Edvaldo — Pois é, ele foi produzido por mim e Luiz Waack; capa e projeto gráfico levam assinatura de Dennis Vecchione. São canções que escrevi nos quatro últimos anos, ideias que refletem o que sinto agora. Pela sintonia dos timbres e frequências, esse novo trabalho tem uma pegada de choro, folk, blues, ragtime, samba, jazz, rock, bolero. A maioria das músicas são de minha autoria, mas também temos uma parceria com Augusto de Campos numa tradução do poeta provençal Guillaume de Poitiers e outra com Luiz Waack, “Gelo no Joelho”, grande músico que já há algum tempo vem dividindo comigo os trabalhos de produção musical. Há participações de Alzira Espíndola e Rita Beneditto. Esse é o desafio da arte, sua dinâmica exige uma entrega completa.
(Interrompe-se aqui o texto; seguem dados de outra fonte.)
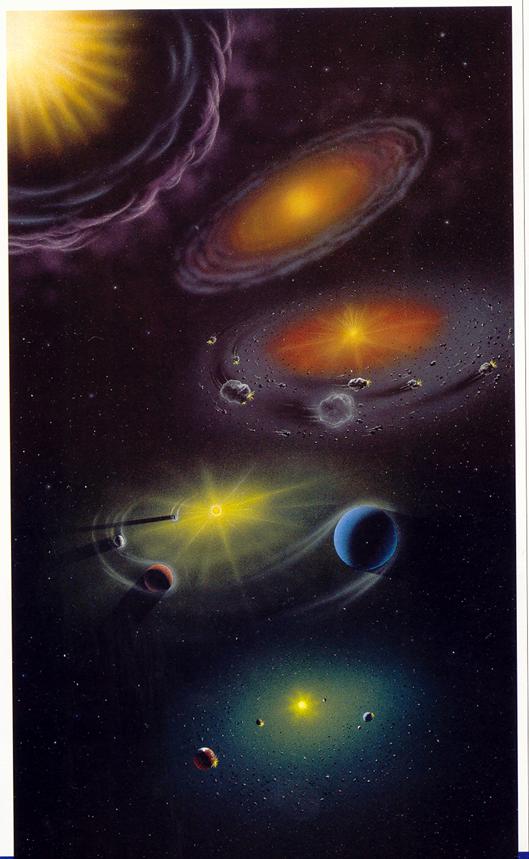 Солнце и планеты произошли из сплющенной раскалённой газопылевой туманности. Гигантское пылевое облако постепенно охлаждалось и начинало сжиматься. При этом оно распадалось на отдельные кольца, в которых родились планеты и спутники. Раскалённая пыль и газ центральной части породили Солнце.
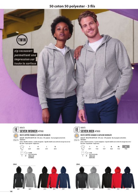 QUALITÉ - MOLLETON GRATTÉ 280 - 50% coton - 50% polyester - Bas et poignets en bord côte élasthanne

Suas atividades como arranjador musical.

Edvaldo — Eu sou autodidata, então as coisas funcionam na intuição, no momento da criação, faço alguns vocalizes que acabam servindo de elementos para os arranjos, gravo a melodia e a harmonia e vou sugerindo intervenções, contra pontos. O suingue tá na levada, isso é muito pessoal. Faço a direção musical da Missa Afro em Itu, acredito que continuo aprendendo, mas já posso contribuir um pouco e isso é bom demais.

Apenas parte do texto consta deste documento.